Your instructions: Copy word for word the lines in the records below, starting at the line with "11月26日下午,中国工商银" and ending at the line with "Оверсайз футболка для". Skip the pictures.

::: Record set

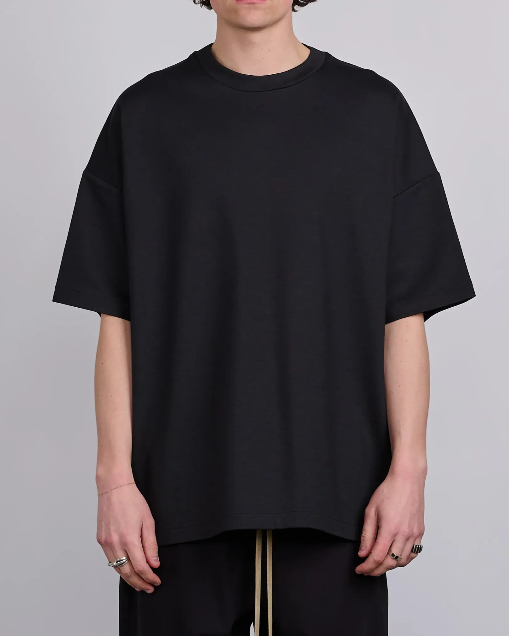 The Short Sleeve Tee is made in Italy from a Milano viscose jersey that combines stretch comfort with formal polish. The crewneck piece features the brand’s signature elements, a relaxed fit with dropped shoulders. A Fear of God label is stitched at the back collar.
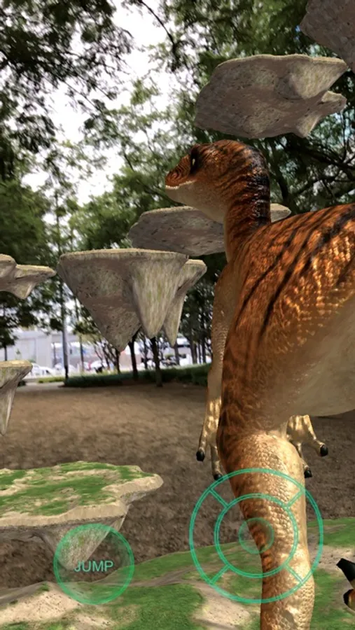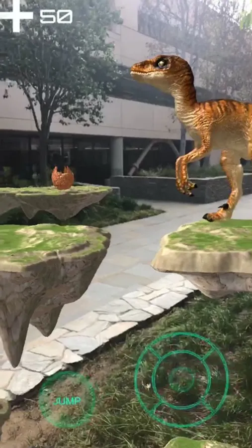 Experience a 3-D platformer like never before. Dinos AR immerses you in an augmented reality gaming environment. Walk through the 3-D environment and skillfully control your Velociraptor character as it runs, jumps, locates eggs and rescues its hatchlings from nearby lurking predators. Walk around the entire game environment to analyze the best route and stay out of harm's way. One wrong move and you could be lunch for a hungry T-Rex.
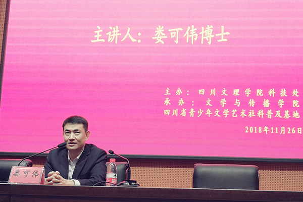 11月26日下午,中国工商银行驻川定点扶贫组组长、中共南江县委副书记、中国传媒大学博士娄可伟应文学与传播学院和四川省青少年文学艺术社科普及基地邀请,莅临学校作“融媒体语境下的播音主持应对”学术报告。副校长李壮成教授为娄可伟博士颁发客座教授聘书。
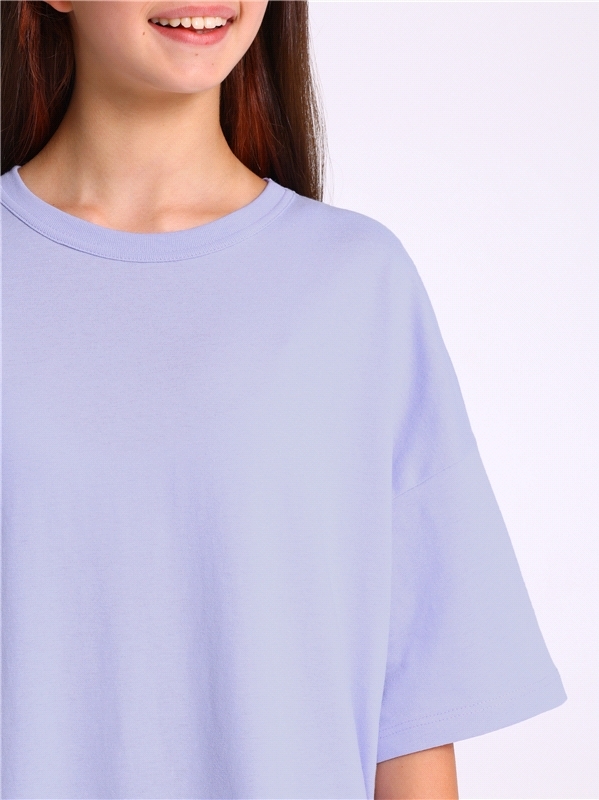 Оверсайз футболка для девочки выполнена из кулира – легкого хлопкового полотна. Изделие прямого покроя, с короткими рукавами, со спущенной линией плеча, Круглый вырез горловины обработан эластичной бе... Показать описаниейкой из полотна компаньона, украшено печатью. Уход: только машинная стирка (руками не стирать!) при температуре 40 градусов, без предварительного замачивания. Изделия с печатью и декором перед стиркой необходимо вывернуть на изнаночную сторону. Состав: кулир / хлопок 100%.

::::::
::: Record set

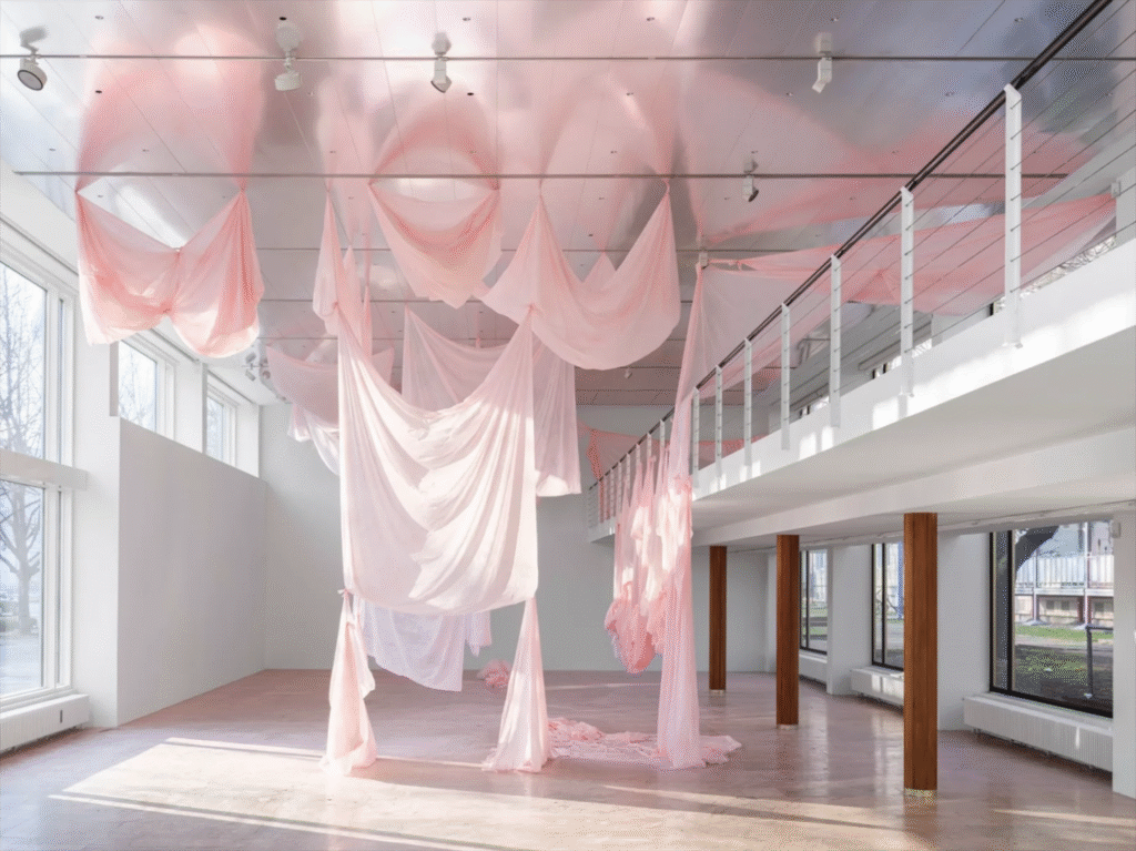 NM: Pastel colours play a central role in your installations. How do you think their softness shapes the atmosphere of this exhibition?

::::::

Written response:
 11月26日下午,中国工商银行驻川定点扶贫组组长、中共南江县委副书记、中国传媒大学博士娄可伟应文学与传播学院和四川省青少年文学艺术社科普及基地邀请,莅临学校作“融媒体语境下的播音主持应对”学术报告。副校长李壮成教授为娄可伟博士颁发客座教授聘书。
 Оверсайз футболка для девочки выполнена из кулира – легкого хлопкового полотна. Изделие прямого покроя, с короткими рукавами, со спущенной линией плеча, Круглый вырез горловины обработан эластичной бе... Показать описаниейкой из полотна компаньона, украшено печатью. Уход: только машинная стирка (руками не стирать!) при температуре 40 градусов, без предварительного замачивания. Изделия с печатью и декором перед стиркой необходимо вывернуть на изнаночную сторону. Состав: кулир / хлопок 100%.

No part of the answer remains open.